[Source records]
◆ ◆ ◆ ◆ ◆ ◆ ◆

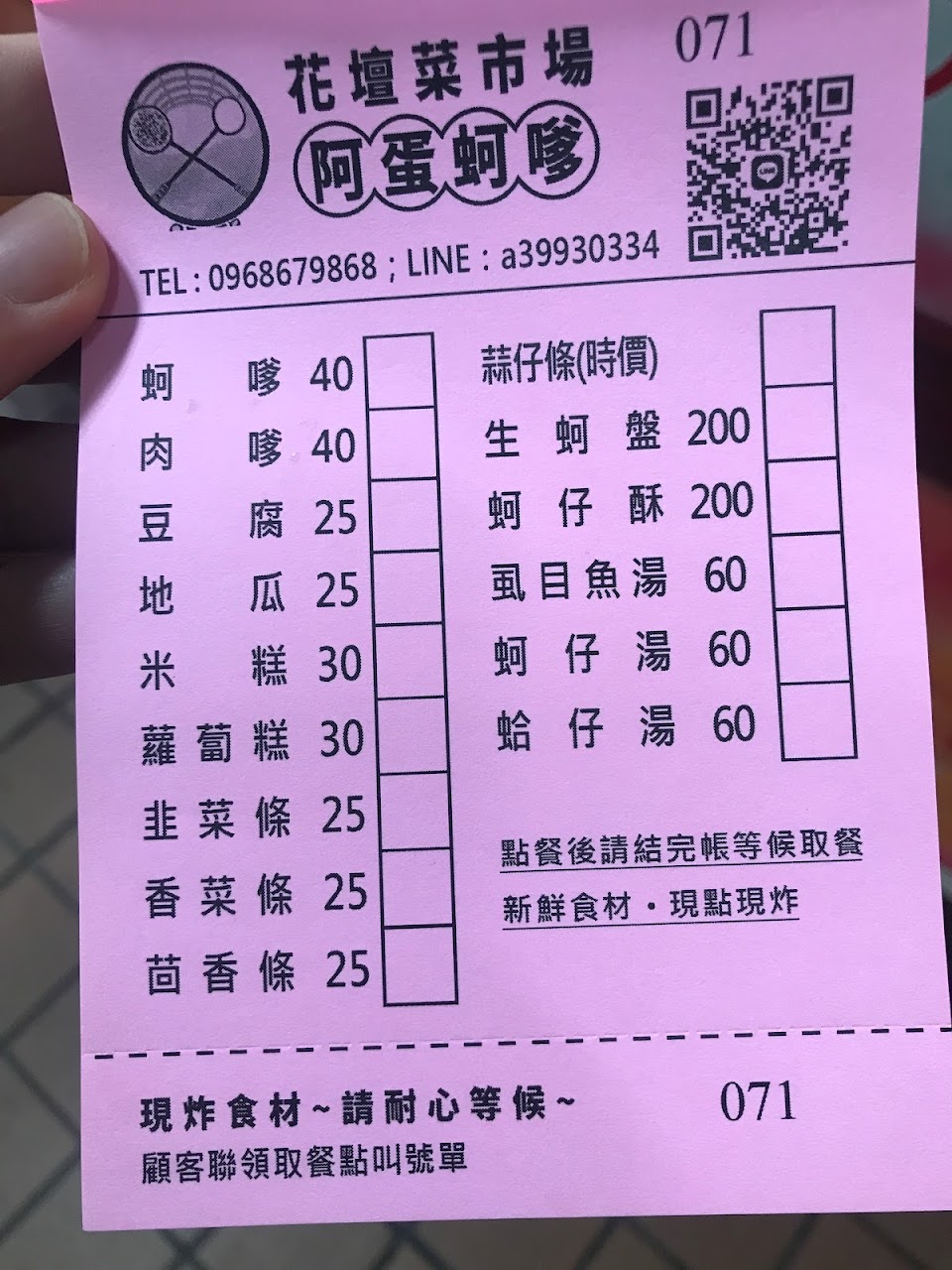 店址位在花壇市場內,很有名的阿來羊肉隔壁!我們是吃完了阿來羊肉,再來這兒買蚵嗲外帶,沒想到,出乎意料地好……好……吃哦!外皮炸得酥脆不會感到油膩,內餡實在,蚵仔飽滿大顆,咬下一口,韭菜和蚵仔的香氣撲鼻而來,人間美味!?
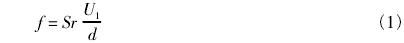 式中(zhong):ƒ爲旋渦(wō)脫落頻(pin)率,Hz;Sr爲斯(si)特勞哈(ha)爾數;U1爲(wèi)發生體(ti)兩側流(liú)體平均(jun1)流速,m/s;d爲(wèi)發生體(tǐ)迎流面(mian)的寬度(dù),m。
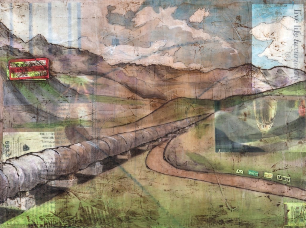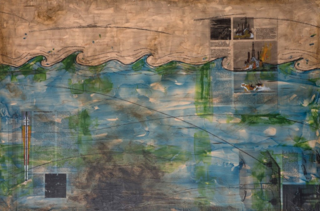 I work intently, building layer upon layer of images, text, visual information, found objects, and paint. Carefully selected images compose my work along with metal, wire, bits of plastic, mesh, tags, product packaging, and other castoff items from my collection of found materials.
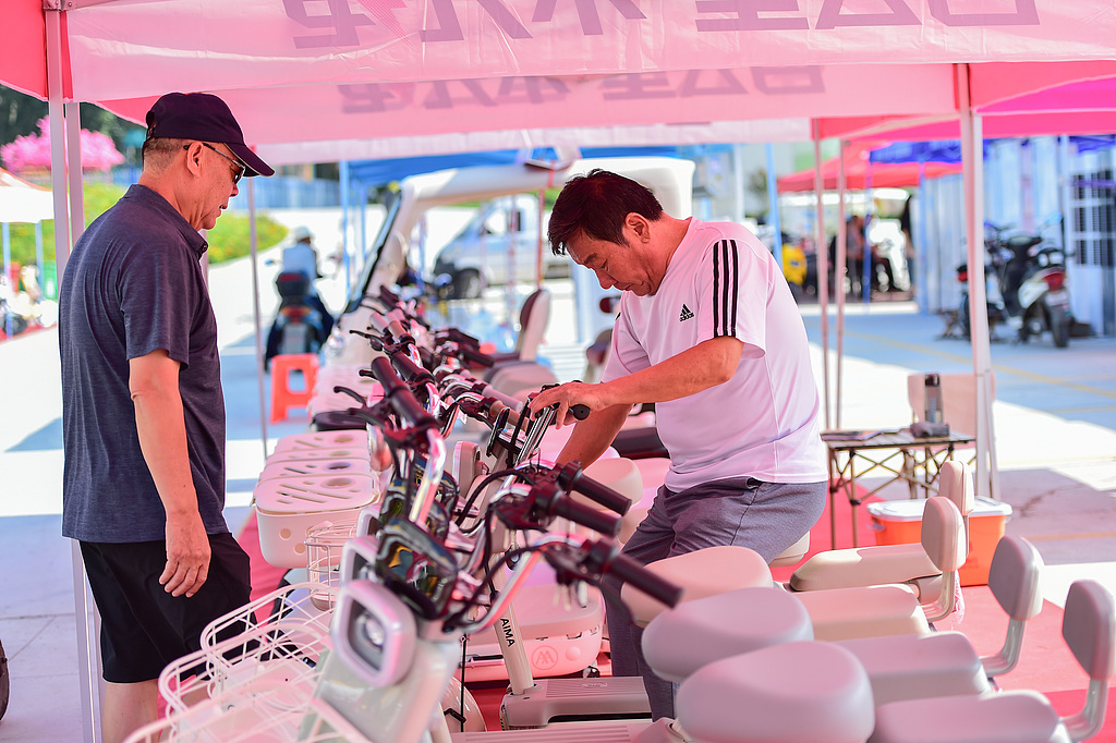 Konsumatorë në një dyqan të shitjes së biçikletave elektrike që përfshihen në politikën e favorshme, qytet Weifang, provincë Shandong, Kinë Lindore, 11 korrik 2025/Foto nga VCG
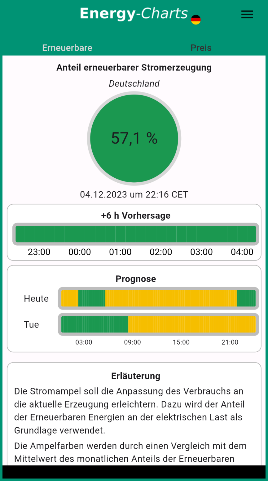 Die Stromampel-App (Android) des Fraunhofer-Instituts für Solare Energiesysteme ISE zeigt für zwölf europäische Länder den aktuellen Anteil Erneuerbarer Energien an der Stromerzeugung und für 34 Länder den Day-Ahead-Börsenstrompreis an. Steuerbare Stromverbräuche können auf dieser Basis angepasst werden.
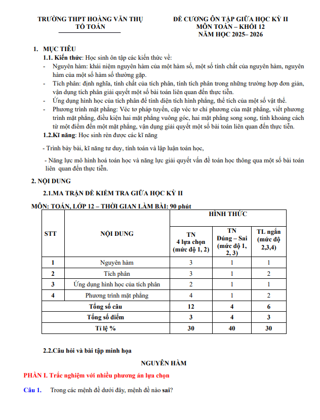 Đề cương giữa kỳ 2 Toán 12 năm 2025 – 2026 trường THPT Hoàng Văn Thụ – Hà Nội 27/02/2026
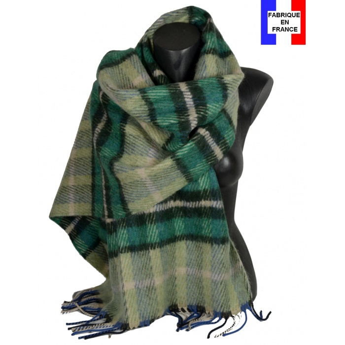 Châle en acrylique et mohair, écossais vert, fabriqué en France
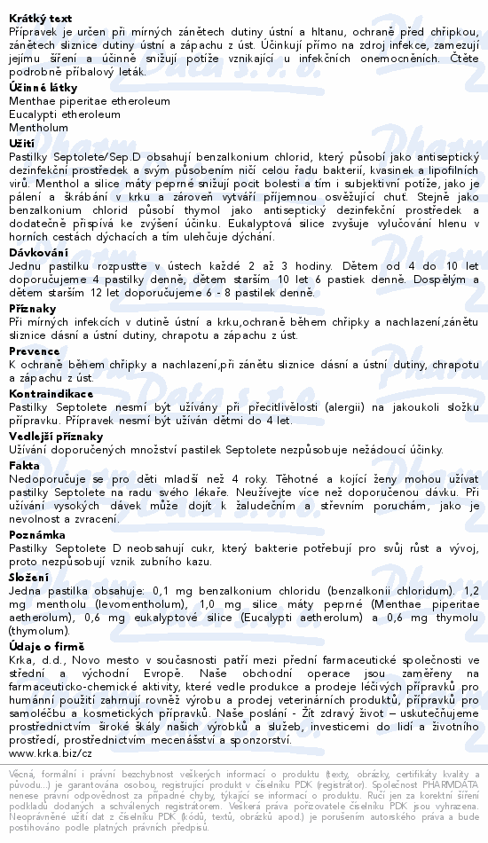 Pastilky Septolete D obsahují benzalkonium-chlorid, který má antiseptický účinek, tj. ničí mnohé typy bakterií a některé druhy kvasinek. Pastilky Septolete D působí přímo na mikroorganismy způsobující onemocnění úst a hltanu. Zabraňují rozšíření infekce a účinně zmírňují obtíže spojené s onemocněním ústní dutiny a hltanu.
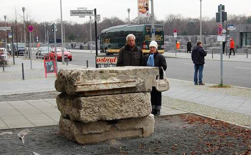 Steine, die von Hitlers Reichskanzlei stammen sollen, sind unweit des Denkmals für die von den Nationalsozialisten ermordeten Juden Europas aufgestellt. Sie machen auf die noch bis Jahresende laufende Ausstellung „Mythos Germania“ aufmerksam. Die Bruchstücke wurden 2008 bei Erdarbeiten im Vorfeld von Neubaumaßnahmen an der Ecke Ebertstraße/Voßstraße freigelegt und als Gesimse beziehungsweise als Umrahmungen von Fenstern von Hitlers Neuer Reichskanzlei gedeutet. Dieses nach Plänen von Albert Speer ab 1938 errichtete Herrschaftsgebäude von erstaunlicher Dimension hatte den Zweiten Weltkrieg nur als Ruine überstanden und wurde danach dem Erdboden gleich gemacht. Dabei hat man vielfach die Bunker und andere im Erdreich verborgene Unterkünfte zugeschüttet. Eine Informationstafel vor dem Ausstellungspavillon an der Gertrud-Kolmar-Straße weist darauf hin, dass bei weiteren Erdarbeiten weitere Entdeckungen dieser Art möglich sind.
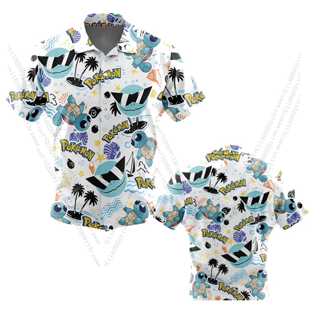 Pokemon Squirtle Squad Anime Hot Summer Hawaii Beach Shirt Men's Y2K Cosplay Harajuku Print Kids Fashion Casual Trends Shirt
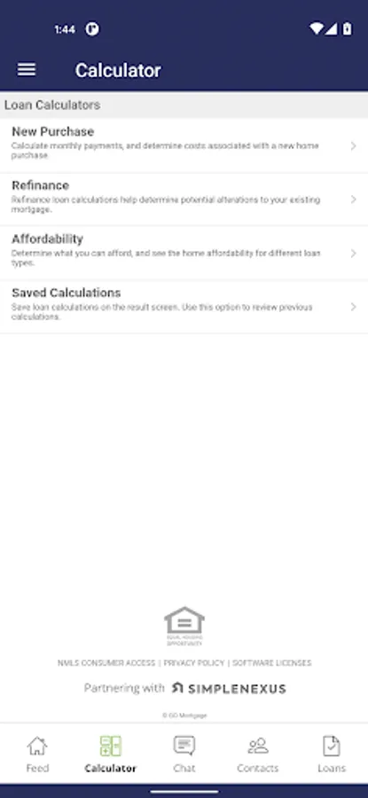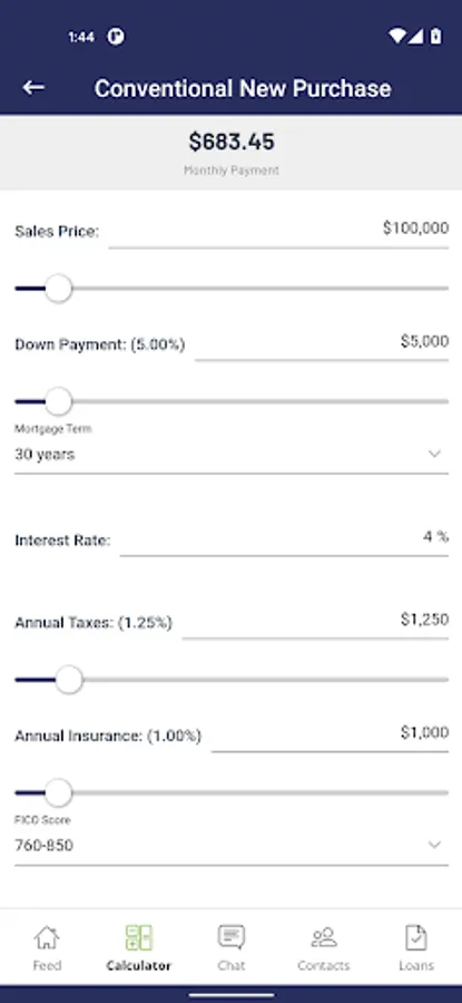 - Purchase and Refinance calculators that help you determine an estimate of your monthly costs and down payment amount for a variety of loan programs.

◆ ◆ ◆ ◆ ◆ ◆ ◆

## [Problem details]
Respond with the exact lines above running from the one containing "Đề cương giữa" to the one containing "Châle en acrylique", both ends kept and no pictures included.

## [Finished exercise]
 Đề cương giữa kỳ 2 Toán 12 năm 2025 – 2026 trường THPT Hoàng Văn Thụ – Hà Nội 27/02/2026
 Châle en acrylique et mohair, écossais vert, fabriqué en France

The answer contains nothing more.